Source data
= Beginning of Section =

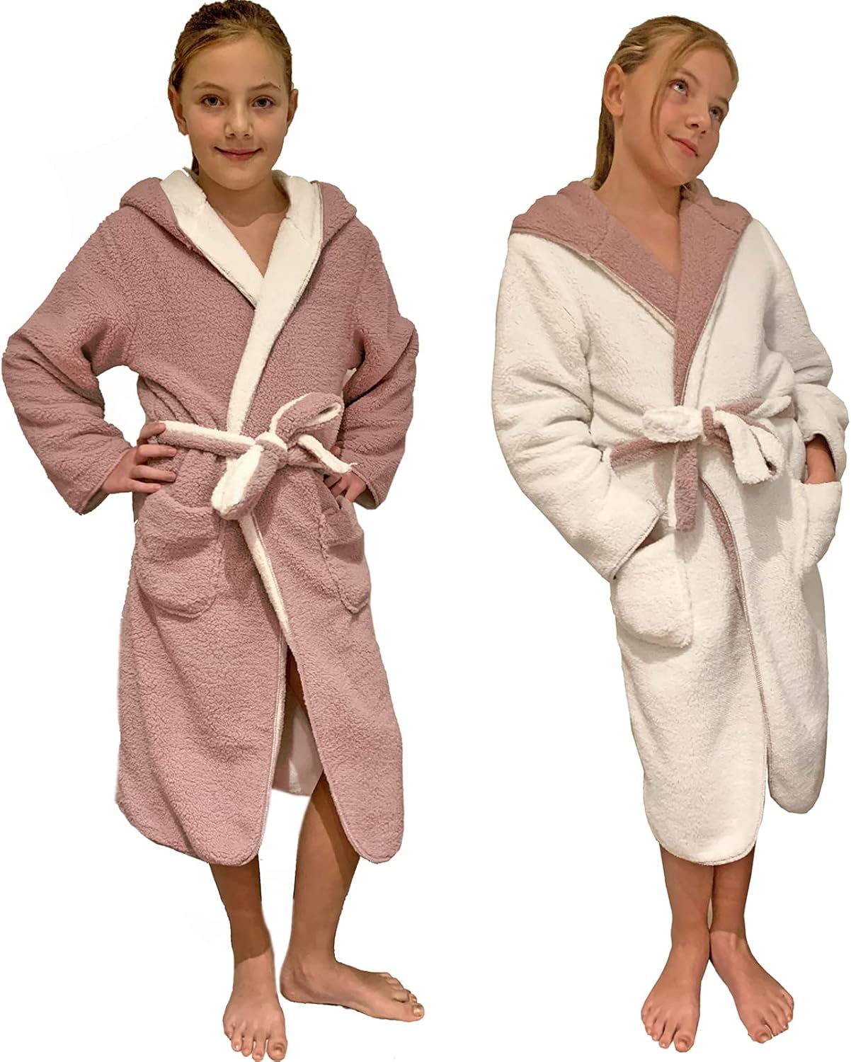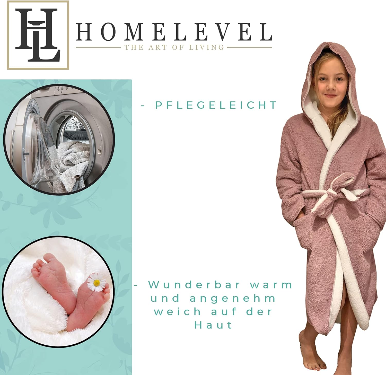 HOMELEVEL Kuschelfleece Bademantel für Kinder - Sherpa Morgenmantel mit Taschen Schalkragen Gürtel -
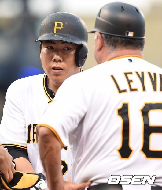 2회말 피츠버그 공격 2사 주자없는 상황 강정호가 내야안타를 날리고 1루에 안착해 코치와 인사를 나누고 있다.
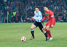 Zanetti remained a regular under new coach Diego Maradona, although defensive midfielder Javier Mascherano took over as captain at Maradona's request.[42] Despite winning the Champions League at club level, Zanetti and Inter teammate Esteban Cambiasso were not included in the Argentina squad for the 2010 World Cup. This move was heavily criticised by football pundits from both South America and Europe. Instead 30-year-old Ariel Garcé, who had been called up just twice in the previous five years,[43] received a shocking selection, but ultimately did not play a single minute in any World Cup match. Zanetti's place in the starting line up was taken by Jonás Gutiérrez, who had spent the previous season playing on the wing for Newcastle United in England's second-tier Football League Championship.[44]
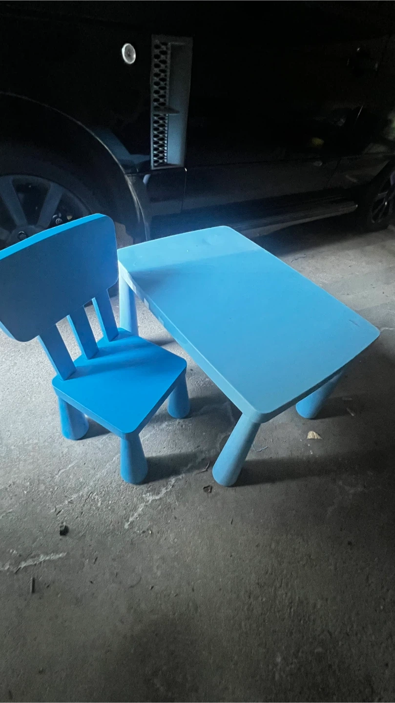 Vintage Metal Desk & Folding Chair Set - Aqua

= End of Section =

What the task asks
Would you set down the material exactly as it stands, without the pictures?

Final answer
 HOMELEVEL Kuschelfleece Bademantel für Kinder - Sherpa Morgenmantel mit Taschen Schalkragen Gürtel -
 2회말 피츠버그 공격 2사 주자없는 상황 강정호가 내야안타를 날리고 1루에 안착해 코치와 인사를 나누고 있다.
 Zanetti remained a regular under new coach Diego Maradona, although defensive midfielder Javier Mascherano took over as captain at Maradona's request.[42] Despite winning the Champions League at club level, Zanetti and Inter teammate Esteban Cambiasso were not included in the Argentina squad for the 2010 World Cup. This move was heavily criticised by football pundits from both South America and Europe. Instead 30-year-old Ariel Garcé, who had been called up just twice in the previous five years,[43] received a shocking selection, but ultimately did not play a single minute in any World Cup match. Zanetti's place in the starting line up was taken by Jonás Gutiérrez, who had spent the previous season playing on the wing for Newcastle United in England's second-tier Football League Championship.[44]
 Vintage Metal Desk & Folding Chair Set - Aqua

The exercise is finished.